One of the greatest curses of mill or factory work and with much city work of all kinds, is its interminable monotony: the same process repeated hour after hour and day after day. In the country there is indeed monotonous work but rarely monotony. No task continues very long: everything changes infinitely with the seasons. Processes are not repetitive but creative. Nature hates monotony, is ever changing and restless, brings up a storm to drive the haymakers from their hurried work in the fields, sends rain to stop the ploughing, or a frost to hurry the apple harvest. Everything is full of adventure and vicissitude! A man who has been a farmer for two hours at the mowing must suddenly turn blacksmith when his machine breaks down and tinker with wrench and hammer; and later in the day he becomes dairyman, farrier, harness-maker, merchant. No kind of wheat but is grist to his mill, no knowledge that he cannot use! And who is freer to be a citizen than he: freer to take his part in town meeting and serve his state in some one of the innumerable small offices which form the solid blocks of organization beneath our commonwealth.

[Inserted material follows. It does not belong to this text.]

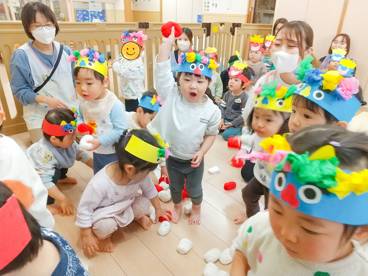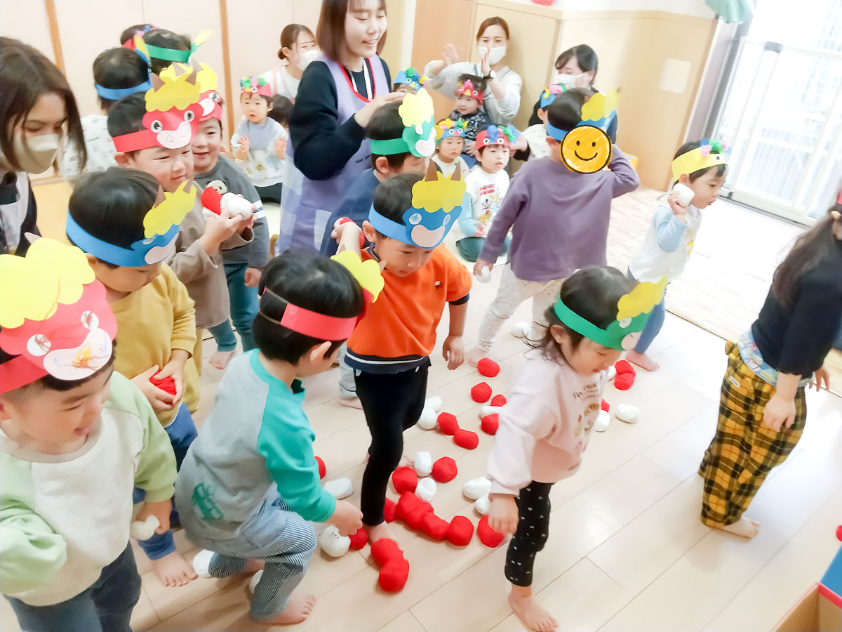 紅白玉を使って鬼退治ゲームをして、大きな声で「豆まきの歌」を歌いました♪
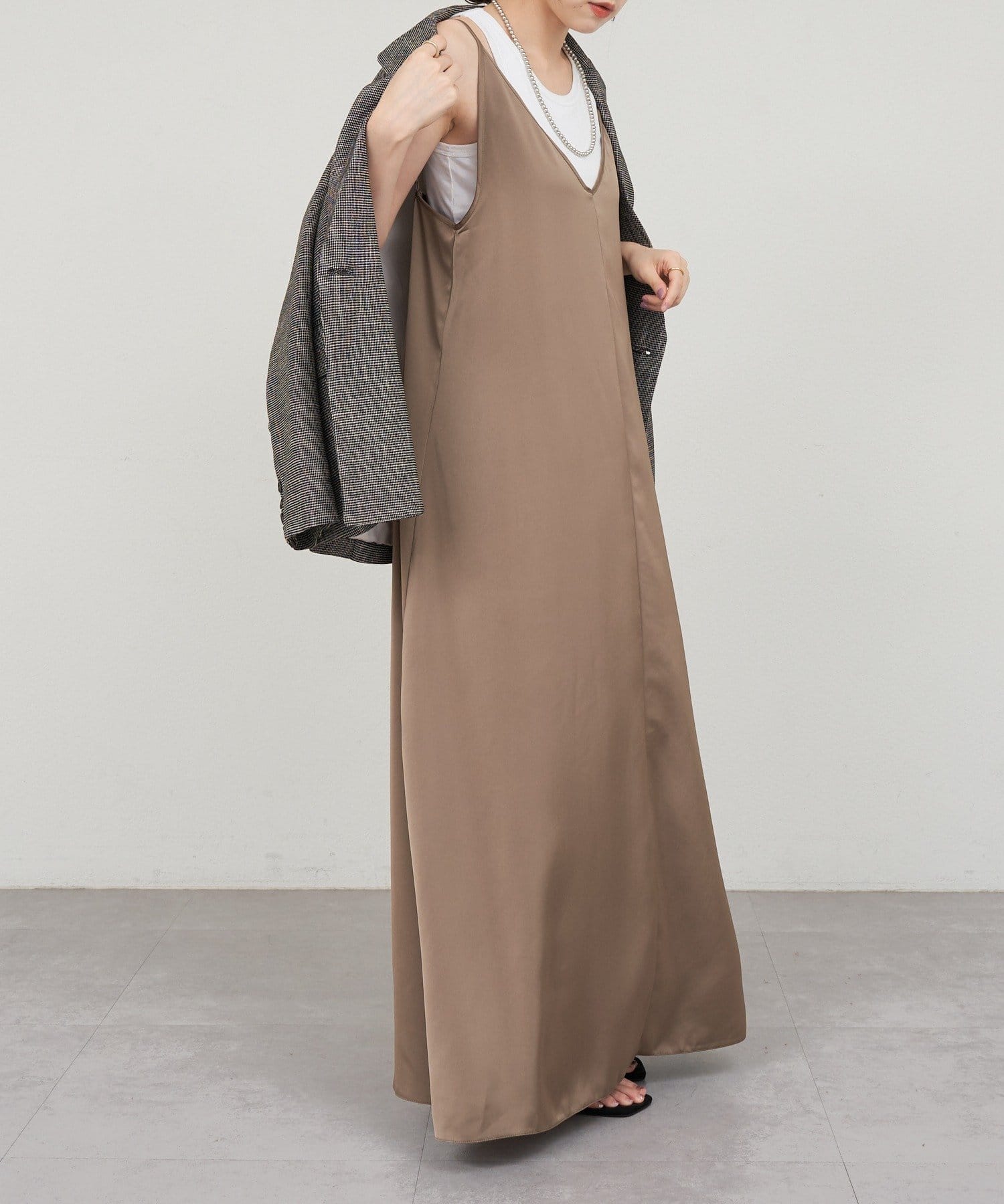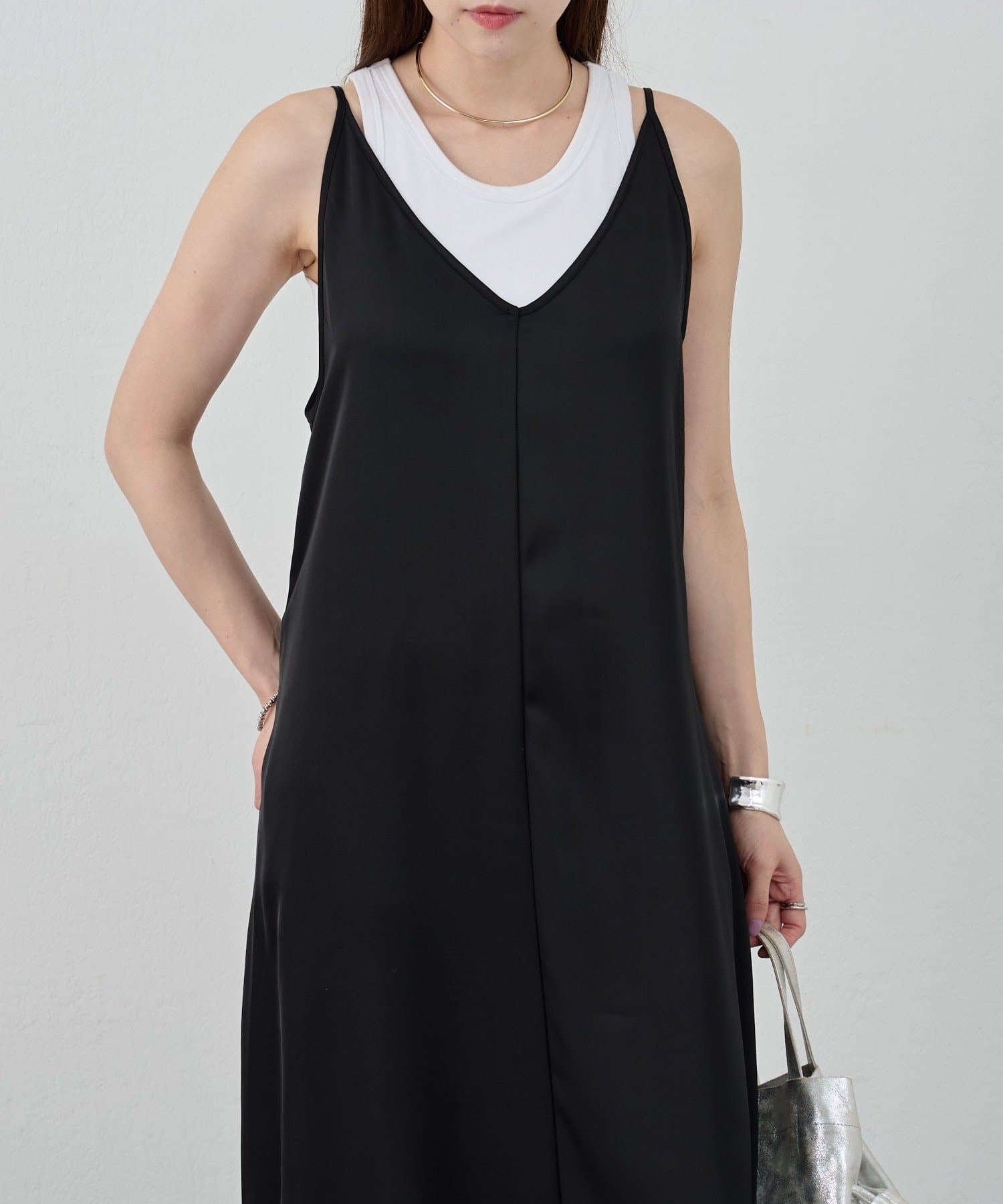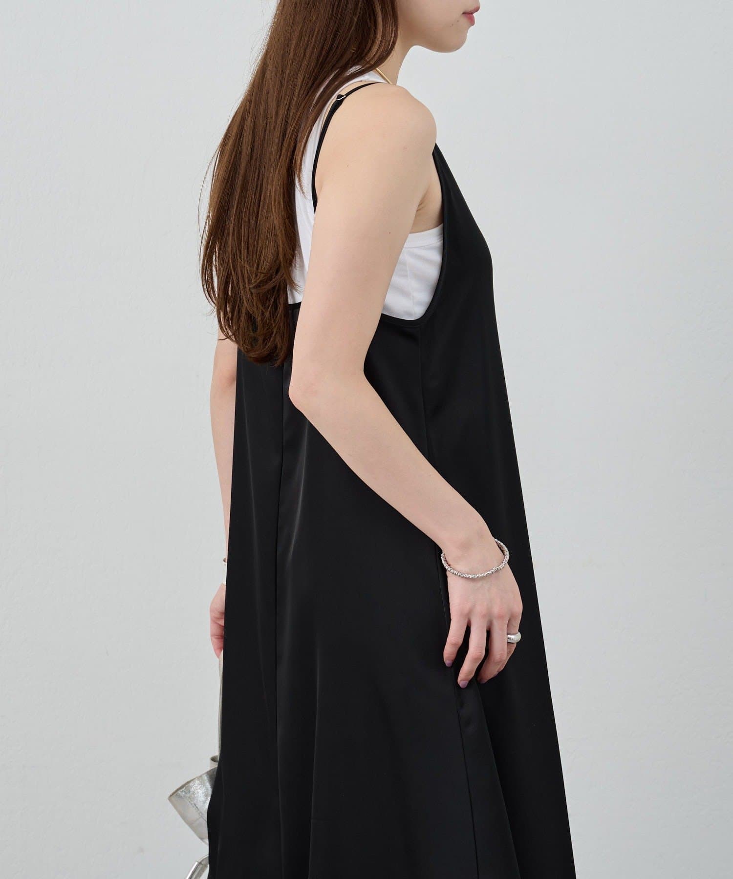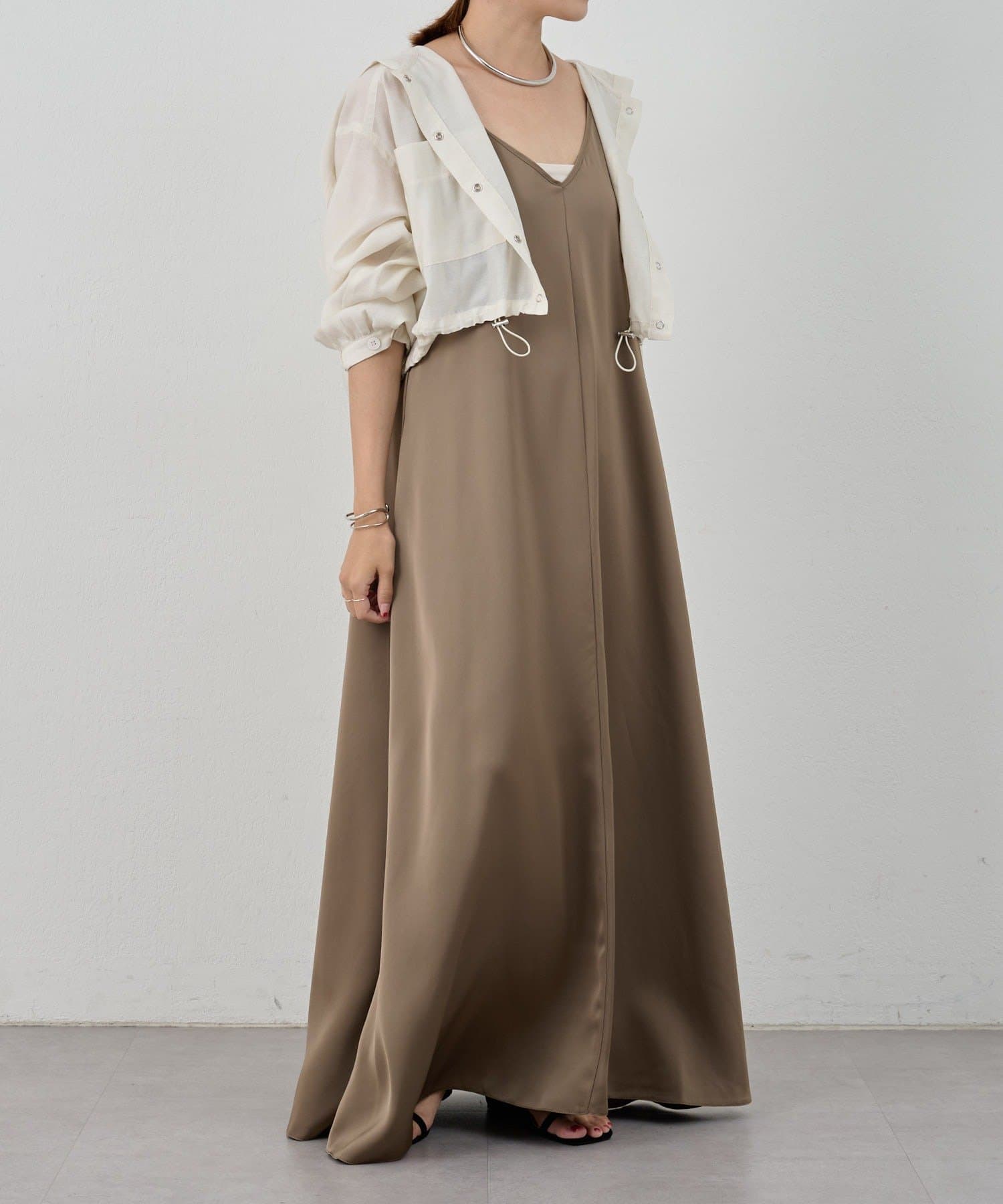 なめらかな肌触りと程よい光沢が魅力のキャミワンピース。

I thought last fall that corn-husking came as near being monotonous work, as any I had ever done in the country. I presume in the great corn-fields of the West, where the husking goes on for weeks at a time, it probably does grow really monotonous. But I soon found that there was a curious counter-reward attending even a process as repetitive as this.
I remember one afternoon in particular. It was brisk and cool with ragged clouds like flung pennants in a poverty-stricken sky, and the hills were a hazy brown, rather sad to see, and in one of the apple trees at the edge of the meadow the crows were holding their mournful autumn parliament.
At such work as this one's mind often drops asleep, or at least goes dreaming, except for the narrow margin of awareness required for the simple processes of the hands. Its orders have indeed been given: you must kneel here, pull aside the stalks one by one, rip down the husks, and twist off the ear—and there is the pile for the stripped stalks, and here the basket for the gathered corn, and these processes infinitely repeated.
While all this is going on, the mind itself wanders off to its own far sweet pastures, upon its own dear adventures—or rests, or plays. It is in these times that most of the airy flying things of this beautiful world come home to us—things that heavy-footed reason never quite overtakes, nor stodgy knowledge ever knows. I think sometimes (as Sterne says) we thus intercept thoughts never intended for us at all, or uncover strange primitive memories of older times than these—racial memories.